町医者をしながら世の中最前線の動きを感知、駅前から所見を発信。

多様性を味わう

2019年02月23日 | 町医者診言

                          

 

 一時醤油顔とソース顔と見た目で分けるのが流行った。七三か六四で醤油顔のほうが多いようだ。違いには遺伝子的な要素が大きいと思われるが、それが何時頃何処から来たかはよく知らない。南から北からそして中ほどからやってきた人たちが混在しているはずだ。おそらく相当詳しいところまで分かっていると思うが、微妙なところがあるのか定説となっていないのかさほど世間には知られていない。

 系統混血があるにしても、日本が同質的で同調を志向(嗜好)する社会なのは間違いない。しかし、それでも実は地方の特色というか県民気質というか微細で細々した違いが溢れている。テレビラジオで言葉の違いは少なくなってきたようだが、地域地方で色々な違いがあり、みんなそれを認め楽しんでいるところがあると思う。私は美濃で育ったので蕎麦にはあまり馴染みがなかったのだが、長じて東京で十年ばかり暮らし蕎麦好きになった。しかし味噌だけは八丁味噌から抜けられない。八丁味噌が天下を制していると思っていたのだが、実はマイナーなのを知って愕然としたものだ。今でもよくまあこんな味のない味噌汁をみんな飲んでいるなあと心の底では思っている。
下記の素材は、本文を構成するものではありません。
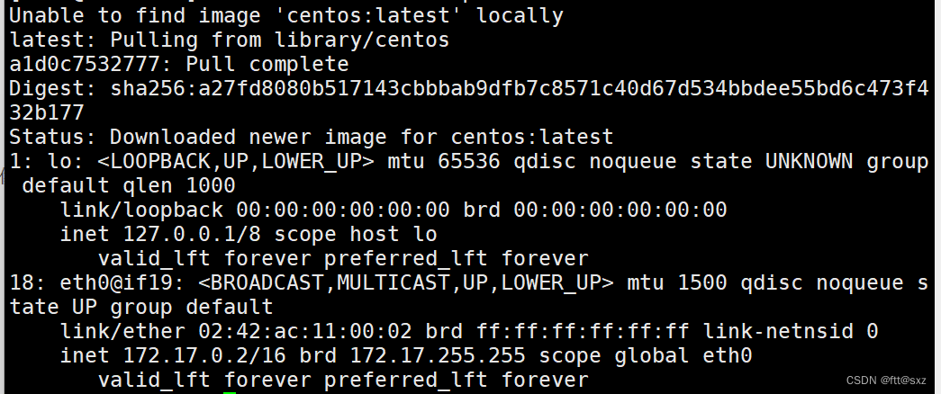 [root@docker ~]# docker run centos ip a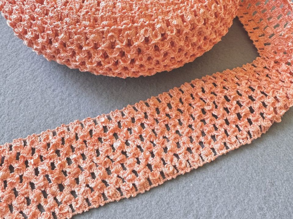Ажурна гумка дитяча. Ширина 6 см. Ціна за моток – 10 метрів. Використовується для дитячих пов'язок на голову та одяг. Колір - кораловий.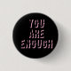 Show support for mental health awareness with this bold red “You Are Enough” button pin.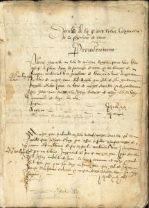 Double de la grand lieue confinee de la seigneurie de Mons, XVIe siècle ; cahier petit in-fol. de 157 pages, couv. parchemin de réemploi. Registre de la seigneurie de Mons (dans l’actuel département du Puy-de-Dôme), précisant les cens et droits seigneuriaux dus en argent ou en nature (« avoyne », froment, gélines…). Les entrées nominatives ou toponymiques donnent aussi des informations sur la profession des habitants (laboureur, chevrier…), la paroisse ou le lieu-dit d’habitation ou d’exploitation, et le terroir dont relèvent les terres ou maisons. On relève parmi les noms de lieux Jussat, Maringues, Mons, Randan, « Regnhat » (Reignat), Saint-Clément, Saint-Sylvestre…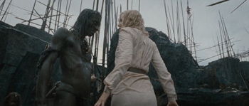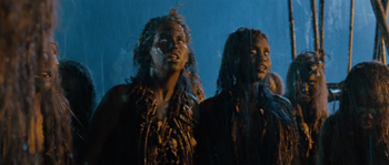The tribe later infiltrates our heroes' ship and kidnaps Naomi Watts so they can sacrifice her to Kong -- not out of survival, as in the original, but because they seem to be getting some kind of voodoo high off of it.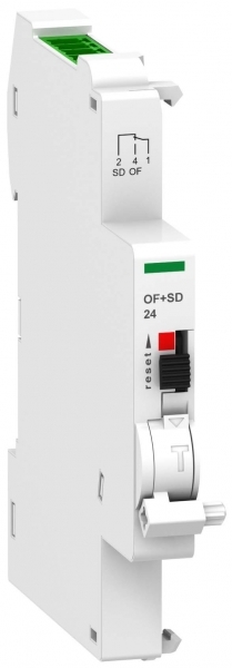 iOF+SD24 доп. устр. сигнализации (Ti24) для C60,C120,C60H-D. Вспомогательные электрические устройства используются совместно с аппаратами Multi9 и специальными сериями автоматических выключателей C120 и С60H-DC. Они устанавливаются защёлкиванием слева от соответствующего аппарата. Вспомогательное устройство iOF/SD24 может передавать данные о состоянии контакта или об аварийном отключении устройства SD на Acti 9 Smartlink или на программируемый логический контроллер через интерфейс Ti24.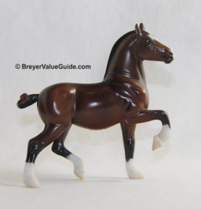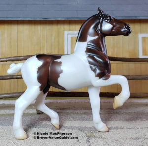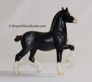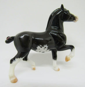 Glossy black sabino pinto; wide blaze over pinked muzzle; 4 socks; pink tail ribbon; BreyerFest Gamblers' Choice 1-Day Ticket Model; 1/1000

 科学的根拠などと言いだすと飛躍しすぎで行き過ぎかもしれないが、違いがあるからこそエネルギーが生まれ生命が生まれてきた。勿論、俺の考え私の選択を認めるけれども他人にも同意を強いるのは行き過ぎで争いの始まりと申し上げたい。

 五十九歳になられた皇太子殿下が多様性を認める次代をとの見出しを読んだ。こうした規範に恵まれたのを僥倖と感じている。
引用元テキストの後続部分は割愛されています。